Cyber Incident Victim: Doctor's Hospital

On Sunday afternoon, hackers breached Doctor’s Hospital’s network and began demanding a ransom. By the morning of April 27, 2025, the hospital’s front office was unable to process insurance claims or properly charge patients, effectively rendering all services free until further notice. Sources confirmed that the breach had occurred the previous day and that the attackers were still engaged in extortion efforts. The hospital had not issued an official public statement about the incident at that time. The outage paralyzed operations across inpatient services, outpatient clinics, the general ward, maternity ward, radiology, laboratory, pharmacy, and administrative offices. Staff were forced to handwrite notes, record laboratory results manually, and physically deliver information between departments. The ENT Clinic at The Strand and Integra Healthcare, which share the same system, also experienced the disruption and operated manually while IT teams worked to contain the breach. A patient visiting the pharmacy for a prescription refill was told by staff that the system had been hacked and was down since yesterday.

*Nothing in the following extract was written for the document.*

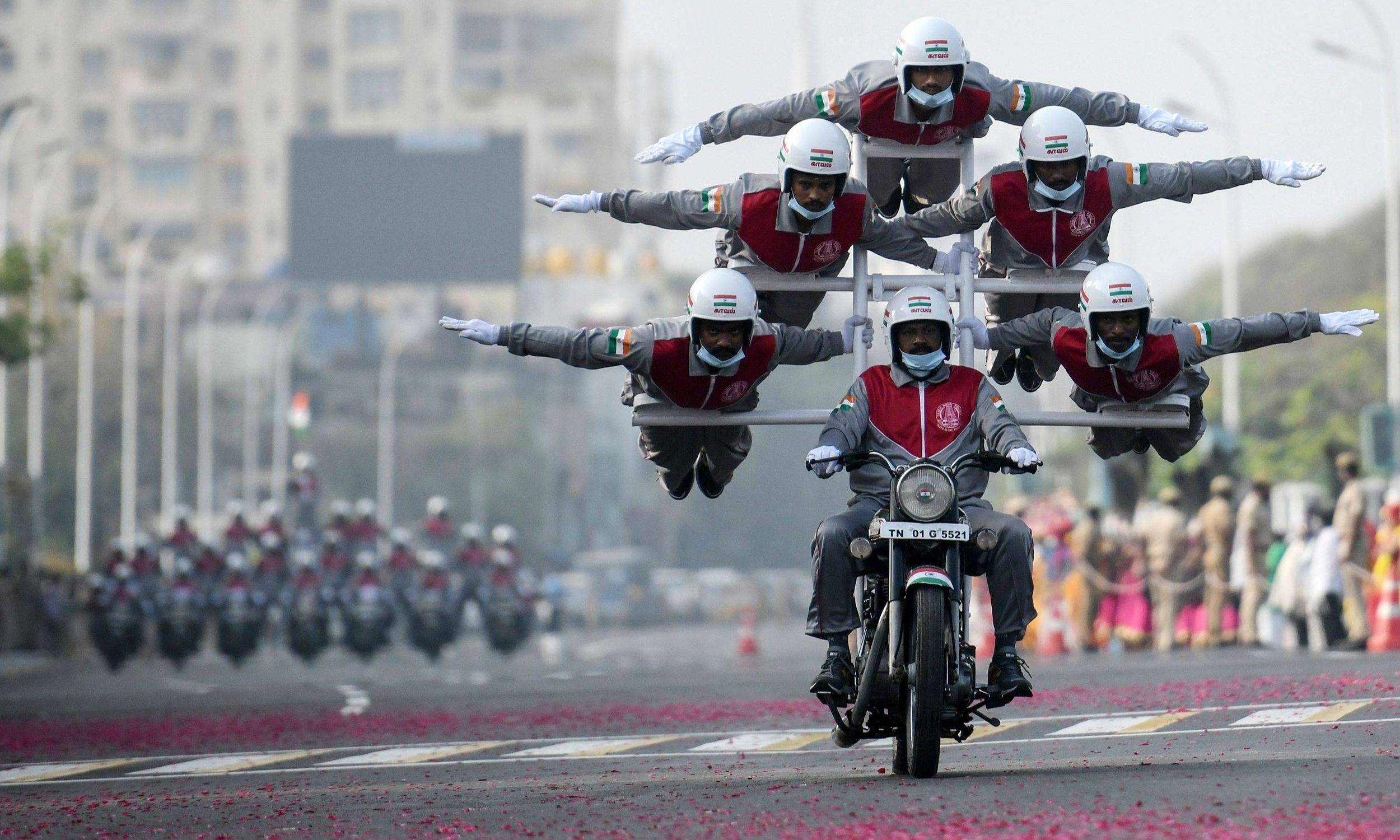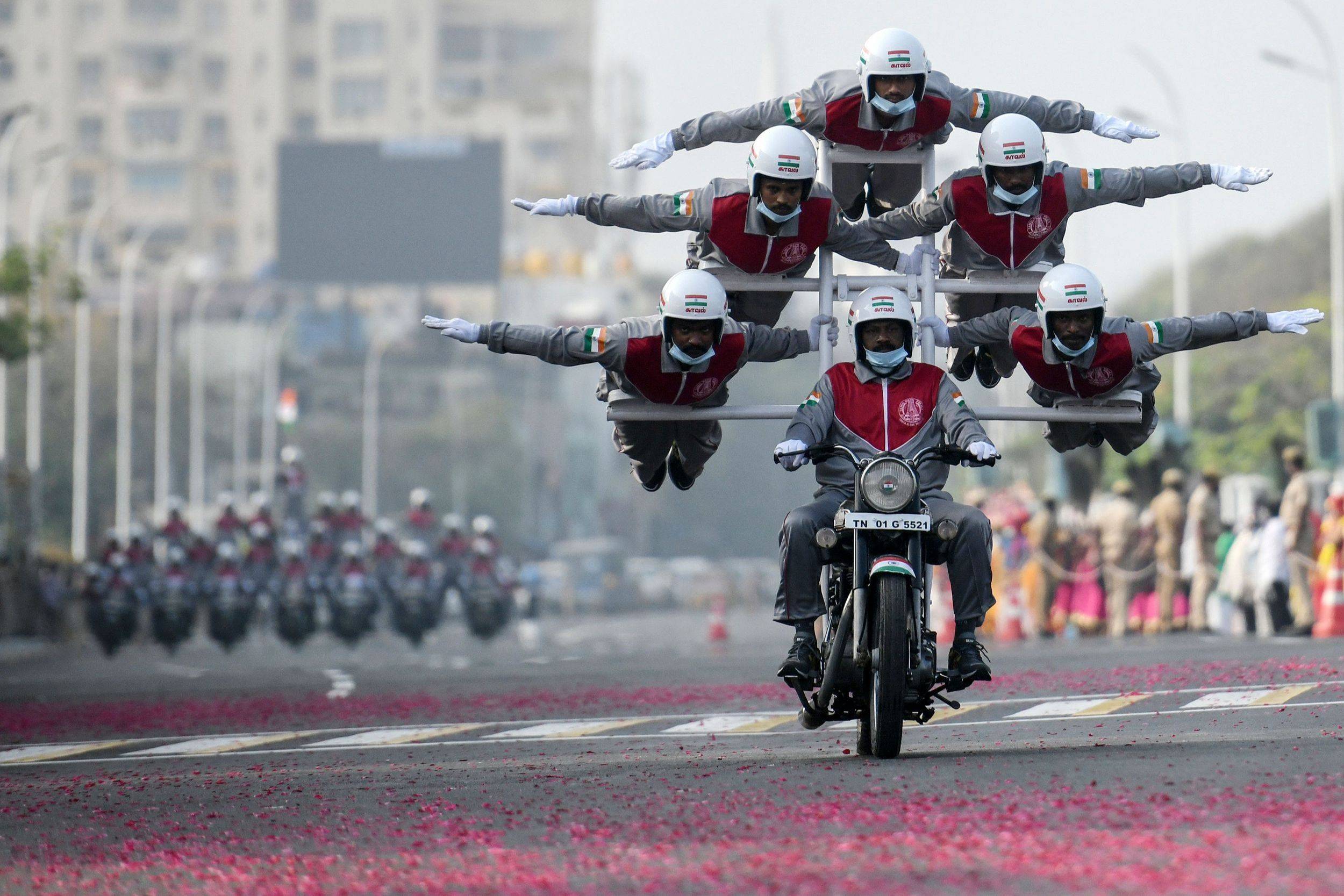 当地时间1月24日,为迎接共和国日阅兵,印度金奈举行彩排,摩托车杂技队正在进行表演。据了解,每年1月26日是印度共和国日(Republic Day),旨在庆祝印度宪法的诞生。自1950年起,印度每年在总统府和印度门之间的国家大道上举行阅兵和游行庆祝活动,主要包括阅兵和游行花车两部分,前者展示印度的军事实力,其中摩托车特技队表演是阅兵仪式的压轴节目。图片:人民视觉

Cybersecurity experts were urgently assessing the extent of the breach, determining whether sensitive patient information had been compromised, and attempting to restore operations. It remained unclear whether the hospital was in negotiations with the attackers or planning to pay the ransom. The disruption caused significant stress to staff and impeded patient care, leading the hospital to advise patients with appointments to expect significant delays while urging those with non‑urgent needs to defer visits. Emergency cases continued to be accepted, and the incident highlighted broader cybersecurity vulnerabilities in Cayman’s private healthcare sector.